Every summer would be spent in Newport at her home 'Wakehurst' (which had been legally deeded to her in 1927), where she would host the most fashionable entertainments. By the 1940s, she had become known as the new leader of Newport's 'High Society', the Newport winter season officially starting with her annual Christmas party. One was not considered an "insider" unless one had received TWO invitations to Mrs. Van Alen's mansion. The first, most likely for tea and crackers, was for Mrs. Van Alen to have a chance to survey the potential candidate. Only if a second invitation was received, for dinner, was acceptance assured. By the 1960s, many of Newport's grand mansions that lined Bellevue Avenue had been turned into public museums or schools. "Wakehurst is the last 'properly run' [estate] left in Newport."

===Later years===
She spent most of the 1930s serving as a nurse to her ailing uncle, Frederick Vanderbilt, at Hyde Park. When he died in 1938, he left the majority share of his $78 million fortune to her, along with his Hyde Park estate. She later donated the estate as a public park and museum, today known as the Vanderbilt Mansion National Historic Site.

==Personal life==
In 1900, Margaret, who was called "Daisy" by her family and friends, married James Laurens Van Alen (1878–1927), the son of James John Van Alen (1848–1923) and grandson of Caroline Schermerhorn Astor (1830–1908), "the Mrs. Astor". Before his death in 1927, they were the parents of:

- James Henry Van Alen II (1902–1991), who married Candace Baird Alig (1912–2002), in 1948.
- William Laurens Van Alen (1907–2003), who married Elizabeth Brinton Kent (1911–2015), the daughter of A. Atwater Kent, the inventor and prominent radio manufacturer, in 1931.
- Louise Astor Van Alen (1910–1998), who married Prince Alexis Mdivani in 1931. They divorced in 1932, and in 1933 he married Barbara Hutton. In 1936, she married his brother, Prince Serge Mdivani, who was divorced from Pola Negri. Serge died during a polo match shortly thereafter, also in 1936. She later met Alexander Saunderson (d. 2004), a British soldier who was the great-grandson of Alexander Saunderson. They married in 1947 and remained married until her death in 1998.

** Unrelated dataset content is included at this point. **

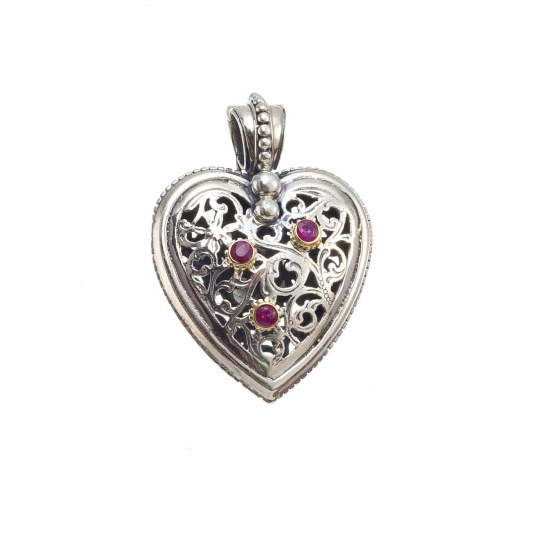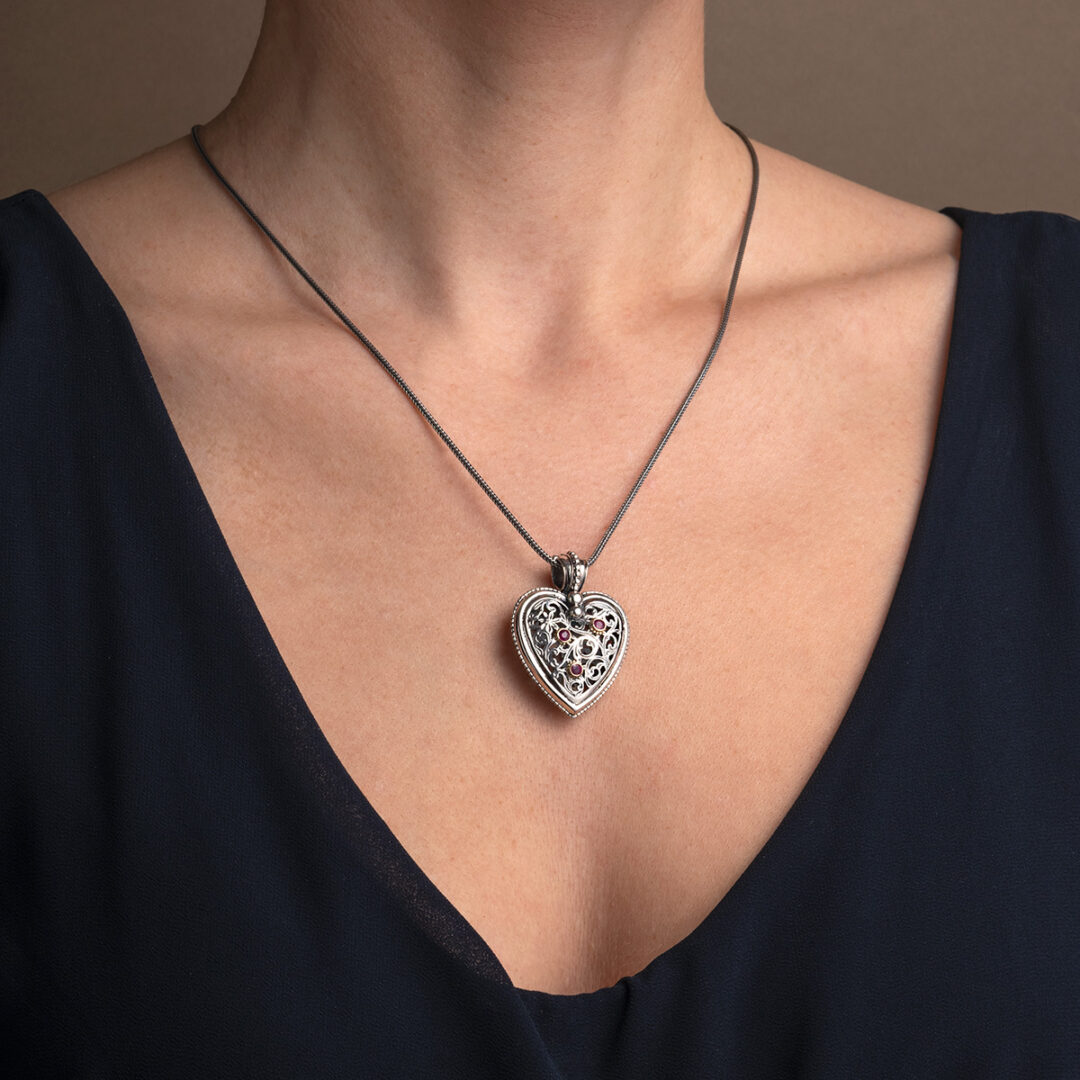 Gerochristo – Garden Shadows Heart pendant in 18K Gold and Sterling Silver with rubies
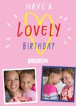 Front of card: 2 photo upload squares in the bottom third of the card. Above is a hand drawn yellow heart with white flash marks sitting behind the large birthday message in red and blue hand written text and editable name in white on a pink background. Text reads: "Have a lovely birthday Brooklyn" With customisable name.

In 1948, Daisy Van Alen married yachtsman Louis Sather Bruguière (1882–1954), son of Louis S. Bruguière and grandson of Peder Sather, who had survived the sinking of the S.S. Arabic. They lived together at Wakehurst and in Washington, D.C. until his death in 1954.

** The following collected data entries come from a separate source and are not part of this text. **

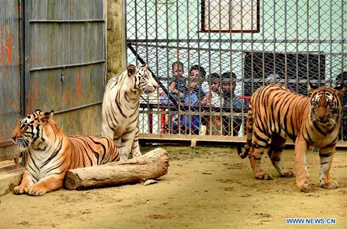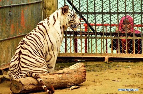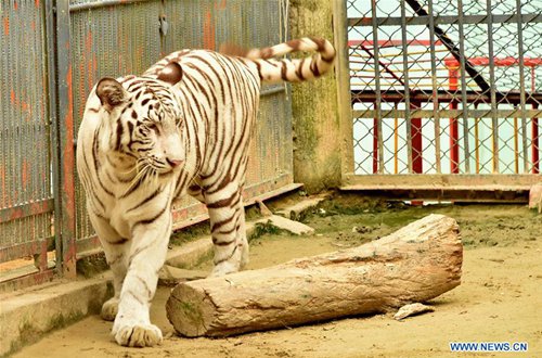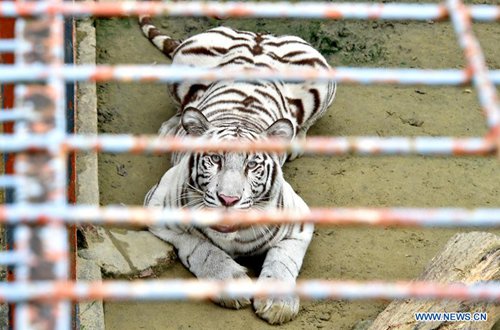 A white albino Bengal tiger (C) is seen at a zoo in Chittagong, Bangladesh, Aug. 24, 2019. It was the first white tiger born in Bangladesh. (Photo: Salim Reza/Xinhua)
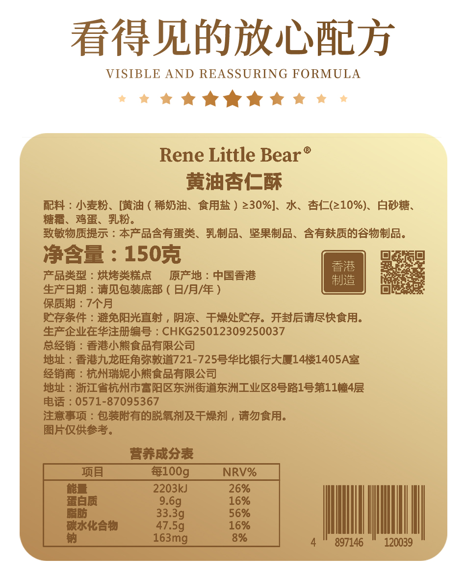 【顺丰包邮】Rene Little Bear 香港小熊 黄油杏仁酥 150g A-5093
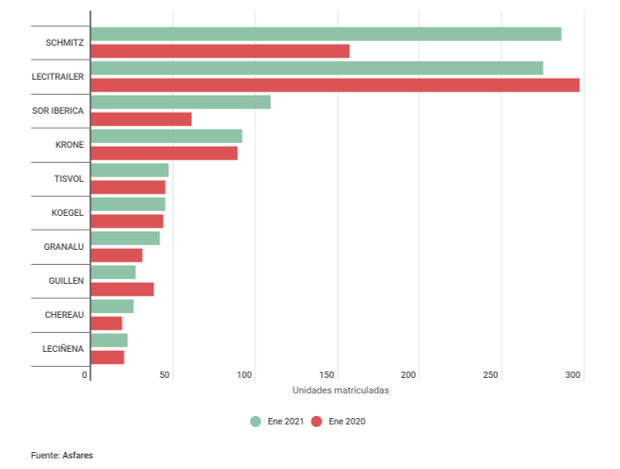 Por lo que respecta a la evolución de las principales marcas en este primer mes de 2021, Schmitz Cargobull ha desbancado a Lecitrailer de la primera posición. Este cambio de posición se ha cimentado, sobre todo, en el crecimiento del 82,2% de la marca alemana, el mayor ascenso porcentual del mercado en enero. Este aumento, unido a la contracción del 7,4% de Lecitrailer, han motivado la pérdida de liderazgo del fabricante español en el primer mes de 2021.
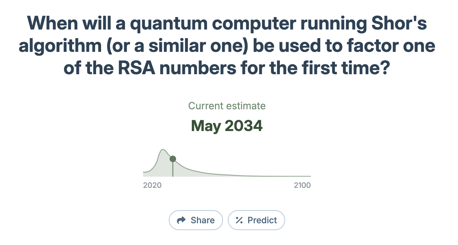 Antes de lo previsto, Metaculus ahora predice que las computadoras cuánticas podrían factorizar un número RSA utilizando el algoritmo de Shor para 2034. Esto es casi 20 años antes que la predicción previa de 2052.

She died in 1969 as the wealthiest woman in Newport, with her estate being valued at $47 million. In her obituary, she was officially declared the "Dowager Empress of American Society".

===Descendants===
Her grandson, William L. Van Alen Jr. (1933–2010), a lawyer, was married to Virginia Guest, the daughter of Elizabeth Polk Guest and Raymond R. Guest, a horse breeder and former U.S. Ambassador to Ireland in 1975. Her maternal grandfather was Frank Polk, the first United States Under Secretary of State, and her paternal grandfather was Frederick Guest, an MP and Secretary of State for Air and the third son of Ivor Guest, 1st Baron Wimborne.

== In popular culture ==

- As The Money Burns (2020–present) website, a history podcast reconstructing the Great Depression through the lives of heirs and heiresses. Daisy Van Alen's daughter Louise Van Alen is a primary character, and Daisy as well as her two sons and Louise's brothers appear regularly throughout the series.